══ PROVIDED DATA ══

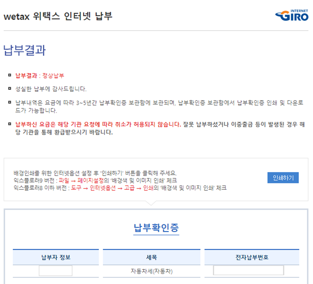 간편결재를 하고 나니 정상납부라고 뜨면서 납부 확인증이 나오네요.
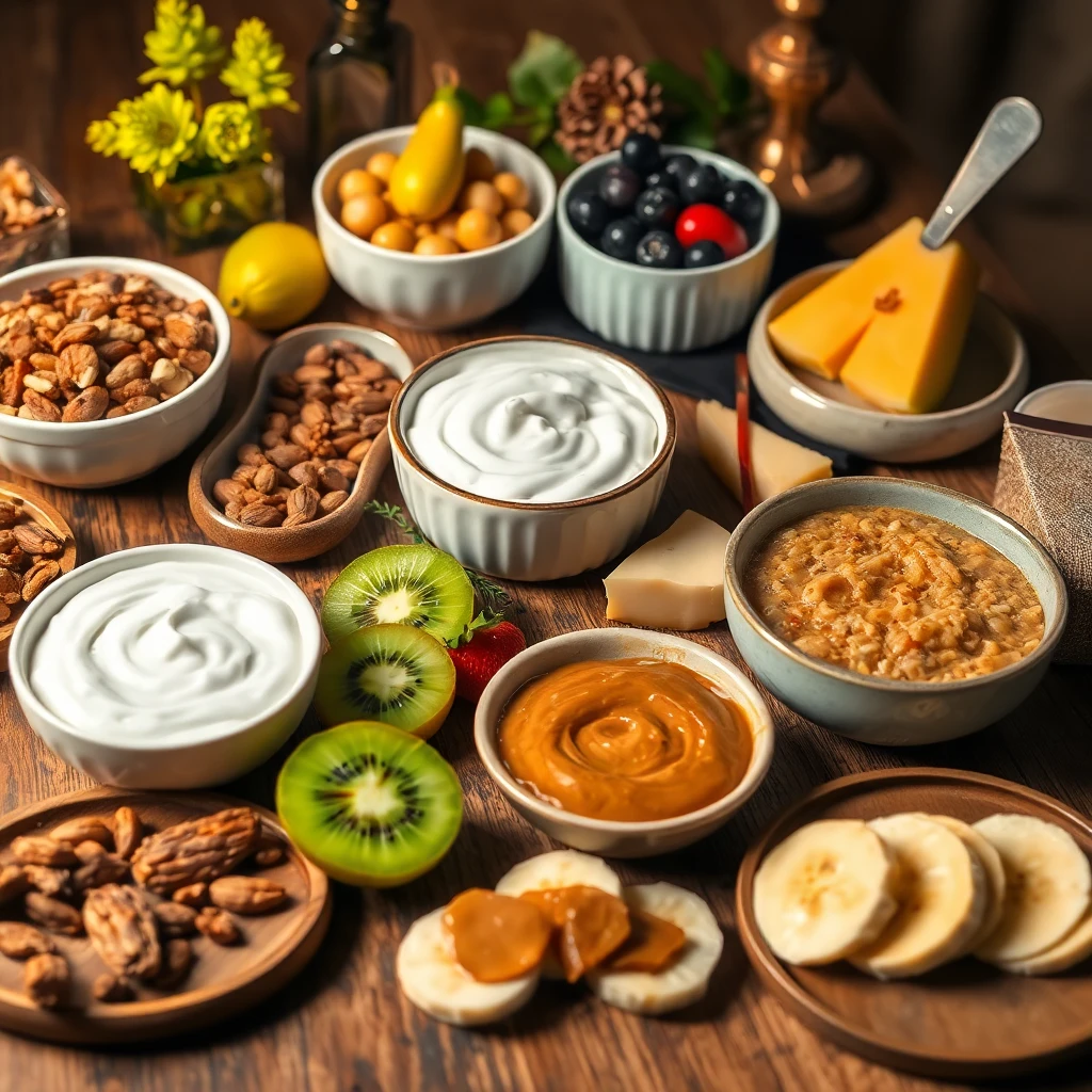 견과류와 그릭 요거트는 단백질과 건강한 지방이 풍부하여 야식으로 적합합니다.
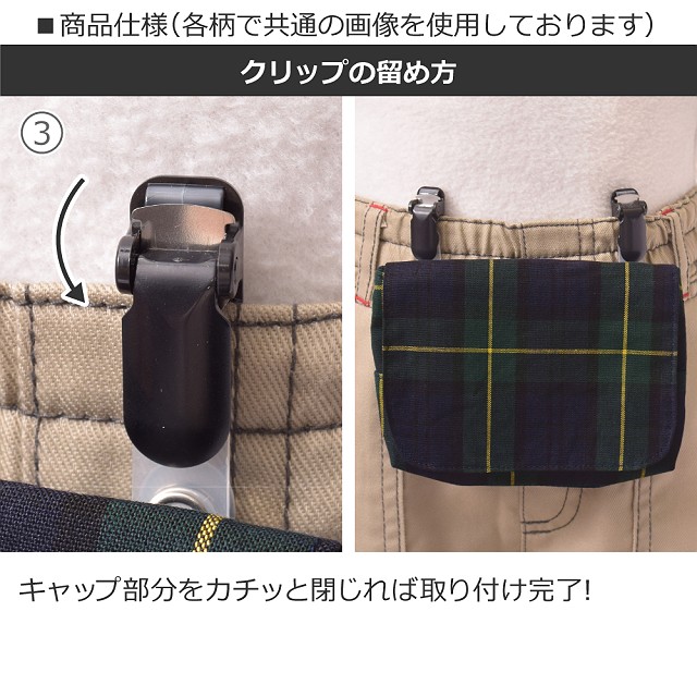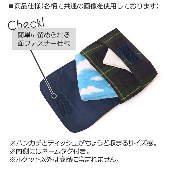 ハンカチ&ティッシュなど毎日の必需品を持つ習慣付けにもなります。クリップを外せばポーチとしても。
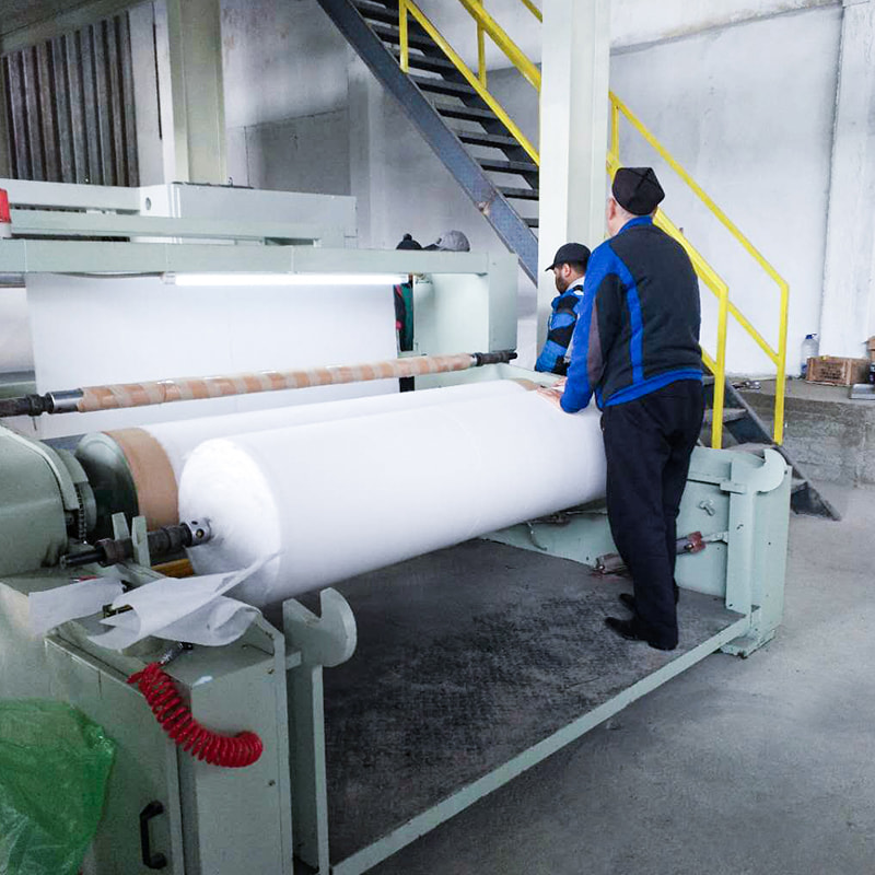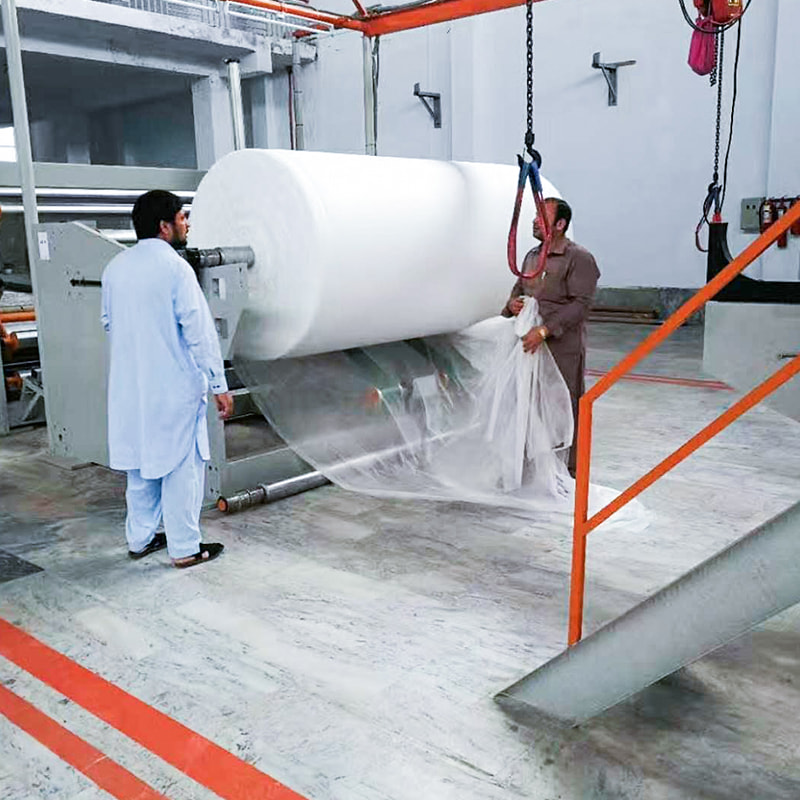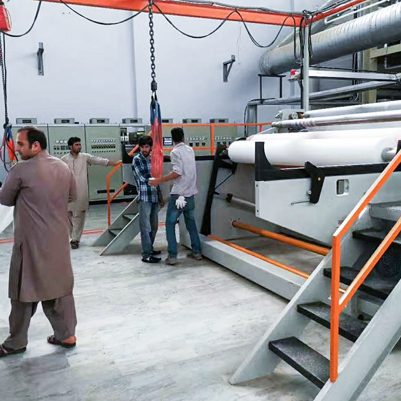 PP spunbond niet-geweven stofmachine wordt gebruikt om pp spunbond niet-geweven stof te produceren. Met snijmachine in onze machine kan de stof in elke breedte worden gesneden om aan verschillende vereisten te voldoen. De loopsnelheid van de machine is 10-150 m / min, filament denier: 1,8-2,3 denier

═══

• [ASSIGNMENT] For this exercise, transcribe the data exactly but without its pictures.

• [RESULT OF THIS EXERCISE]
 간편결재를 하고 나니 정상납부라고 뜨면서 납부 확인증이 나오네요.
 견과류와 그릭 요거트는 단백질과 건강한 지방이 풍부하여 야식으로 적합합니다.
 ハンカチ&ティッシュなど毎日の必需品を持つ習慣付けにもなります。クリップを外せばポーチとしても。
 PP spunbond niet-geweven stofmachine wordt gebruikt om pp spunbond niet-geweven stof te produceren. Met snijmachine in onze machine kan de stof in elke breedte worden gesneden om aan verschillende vereisten te voldoen. De loopsnelheid van de machine is 10-150 m / min, filament denier: 1,8-2,3 denier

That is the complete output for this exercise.